Wow. I can’t believe the house is still standing. It’s gotta be a hundred years old, like Grandma. There she is on the stoop, holding onto the railing like a tornado will snatch her up and blow her away like Dorothy. She looks smaller and skinnier since the last time I saw her, but it could be that dark, blooming floral print dress that practically swallows her. Or maybe I’ve just gotten bigger.

I haven’t been here for what, five years now? Not since the summer of fourth grade. And I haven’t seen Grandma since the funeral…

“Hi, Grams.” I plant a kiss on her dry, hollowed cheek. Years ago, I’d have hugged her tight and kept squeezing while she laughed a full-hearted, throaty trill too impossibly vigorous for her frail frame. But she’s changed since that long stay at the nursing home. She’s supposedly much better now since they let her come back home.

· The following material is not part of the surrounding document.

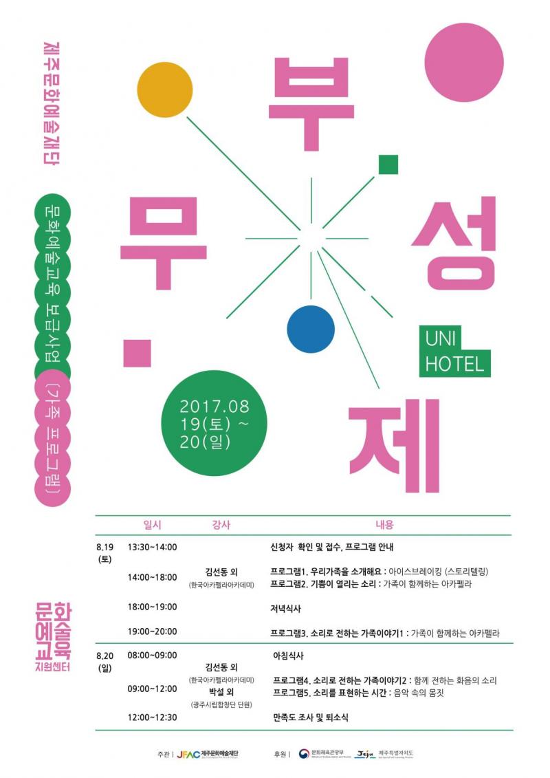 - 진행일시:2017년 8월19일(토)~20일(일) 1박 2일 - 장소:유니호텔 (제주시 애월읍) - 대상:제주도내 거주 2~3세대 3인 이상의 가족 구성원 - 이메일접수:cera724@jfac.kr ※ 프로그램 특성상 초등학생 이상 자녀를 둔 가족에 한하여 참여 신청 가능

Yet she still feels like a wisp of her former self.

Like how I feel.

“I’ve made the bed in Paul’s room and your favorite PBJ sandwich…” she calls after me as I skip past her, through the open doorway and up the stairs, backpack jiggling.

“I know, I’ll be down for lunch!” It’s more words than I’ve spoken to Mom in months but I’ve always preferred Grandma anyway.

The room’s exactly as I remember it -- the walls plastered with posters of last-century bands like Nirvana, Pearl Jam and Radiohead. The wooden antique desk in the corner by the window. And the wide single bed with the pullout below. Dad’s room.

Something catches in my chest. I can’t breathe. I let the backpack slip off my shoulders and thump onto the floorboards. Slumping against the doorframe, I feel tears well up and an unbearable pressure push from inside, trying to get out. I want to scream, to cry, to thrash about on the floor all at the same time.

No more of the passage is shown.